[[ AVAILABLE DATA open ]]

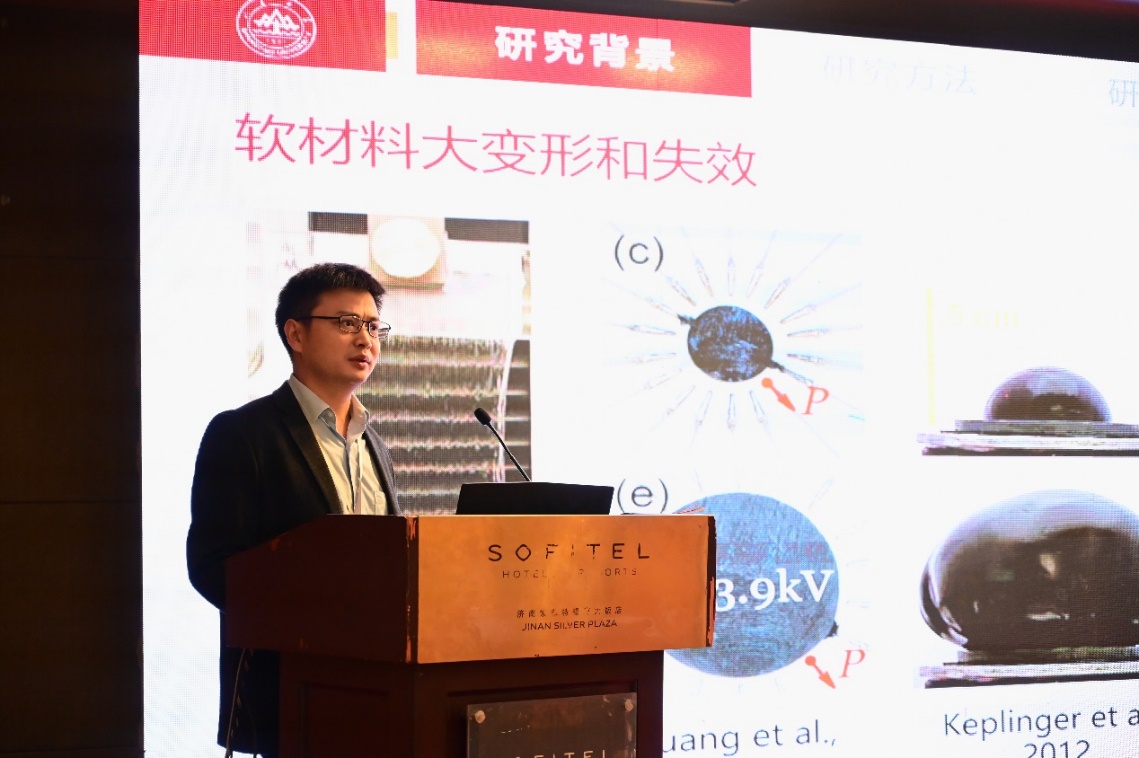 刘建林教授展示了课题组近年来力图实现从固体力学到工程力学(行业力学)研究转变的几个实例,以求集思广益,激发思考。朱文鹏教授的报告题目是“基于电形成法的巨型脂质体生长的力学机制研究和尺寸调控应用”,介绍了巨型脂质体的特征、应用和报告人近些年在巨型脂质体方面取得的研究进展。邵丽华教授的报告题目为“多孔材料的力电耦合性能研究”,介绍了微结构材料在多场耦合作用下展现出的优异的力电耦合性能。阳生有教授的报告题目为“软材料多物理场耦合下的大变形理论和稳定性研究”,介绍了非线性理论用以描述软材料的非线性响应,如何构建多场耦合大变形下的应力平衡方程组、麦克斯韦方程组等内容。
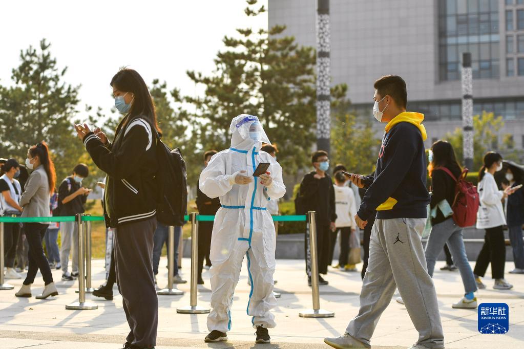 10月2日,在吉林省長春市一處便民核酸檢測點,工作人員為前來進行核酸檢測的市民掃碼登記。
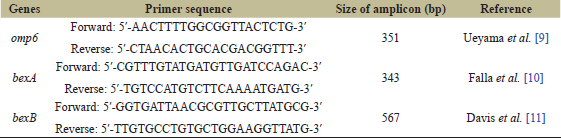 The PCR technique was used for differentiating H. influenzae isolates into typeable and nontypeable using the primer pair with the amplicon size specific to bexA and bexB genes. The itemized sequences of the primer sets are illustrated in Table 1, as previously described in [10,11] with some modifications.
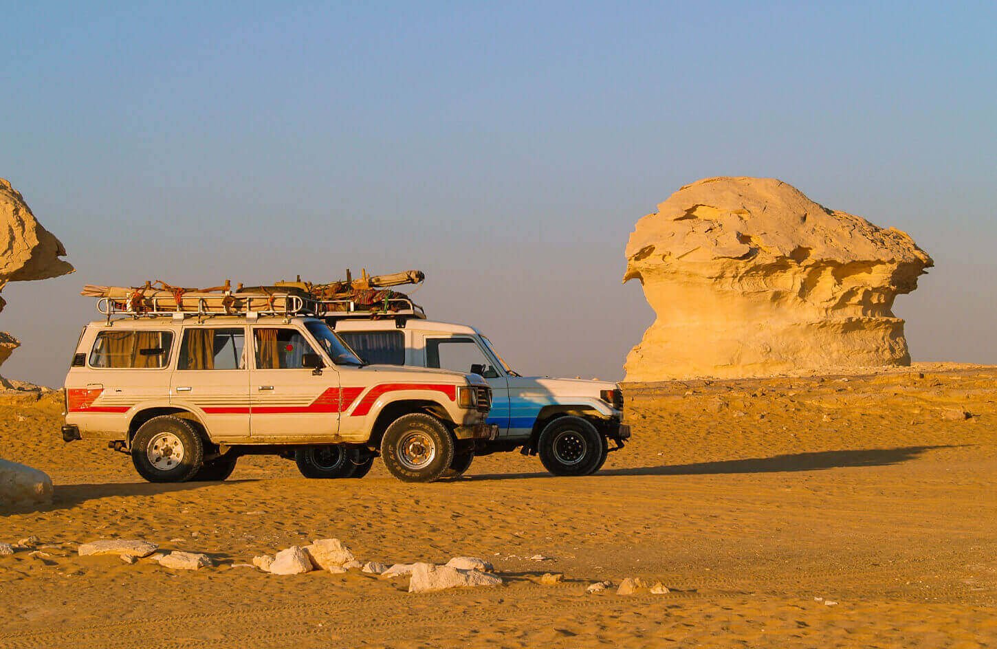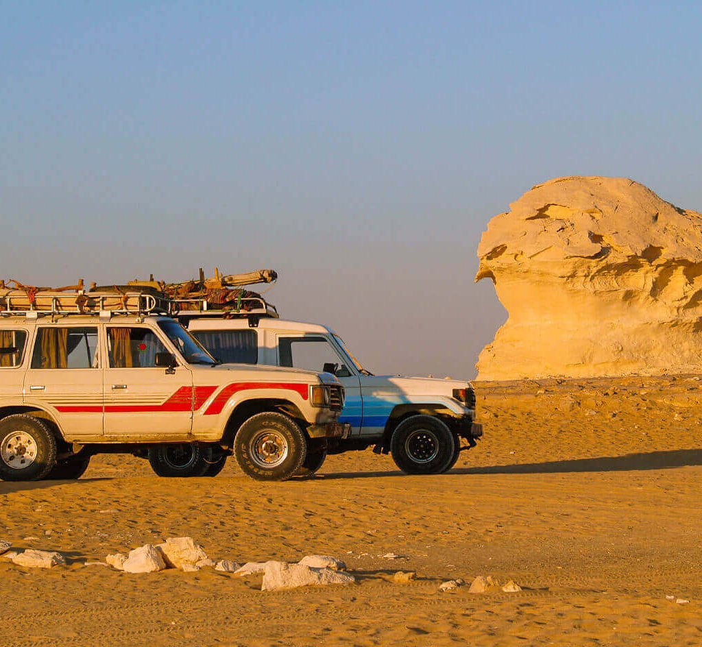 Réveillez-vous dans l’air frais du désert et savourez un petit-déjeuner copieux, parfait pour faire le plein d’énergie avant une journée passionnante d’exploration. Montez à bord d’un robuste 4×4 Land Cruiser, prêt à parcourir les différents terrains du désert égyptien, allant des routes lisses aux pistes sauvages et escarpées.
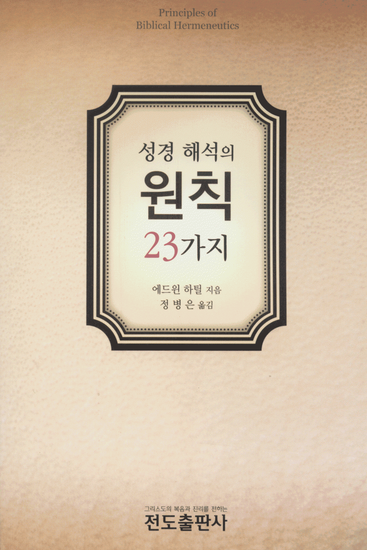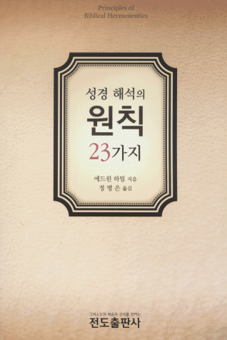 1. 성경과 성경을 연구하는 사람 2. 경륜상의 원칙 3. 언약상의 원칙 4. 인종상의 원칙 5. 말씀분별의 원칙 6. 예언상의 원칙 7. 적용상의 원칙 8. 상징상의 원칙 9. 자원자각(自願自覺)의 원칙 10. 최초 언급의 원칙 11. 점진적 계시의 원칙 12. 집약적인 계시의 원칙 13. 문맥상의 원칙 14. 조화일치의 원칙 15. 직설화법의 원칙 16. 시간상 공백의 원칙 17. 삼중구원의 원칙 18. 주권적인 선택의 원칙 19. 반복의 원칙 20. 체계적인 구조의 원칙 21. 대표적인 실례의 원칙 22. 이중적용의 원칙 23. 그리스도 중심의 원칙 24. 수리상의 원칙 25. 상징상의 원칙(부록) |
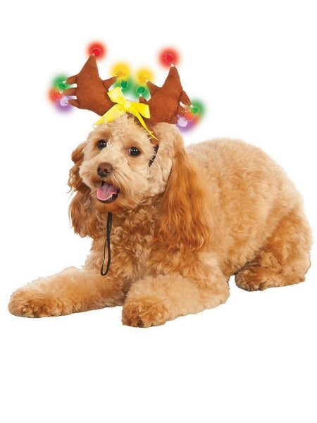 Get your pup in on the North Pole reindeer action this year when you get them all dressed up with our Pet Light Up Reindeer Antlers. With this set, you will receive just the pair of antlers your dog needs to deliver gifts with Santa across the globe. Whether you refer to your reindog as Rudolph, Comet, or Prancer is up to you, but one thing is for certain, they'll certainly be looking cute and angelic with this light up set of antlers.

[[ AVAILABLE DATA closed ]]

▶ [YOUR TASK] Restate word for word every line from the one with "10月2日,在吉林省長春市一" up to and including the one with "The PCR technique" in the records above, minus the pictures.

▶ [ANSWER BOX]
 10月2日,在吉林省長春市一處便民核酸檢測點,工作人員為前來進行核酸檢測的市民掃碼登記。
 The PCR technique was used for differentiating H. influenzae isolates into typeable and nontypeable using the primer pair with the amplicon size specific to bexA and bexB genes. The itemized sequences of the primer sets are illustrated in Table 1, as previously described in [10,11] with some modifications.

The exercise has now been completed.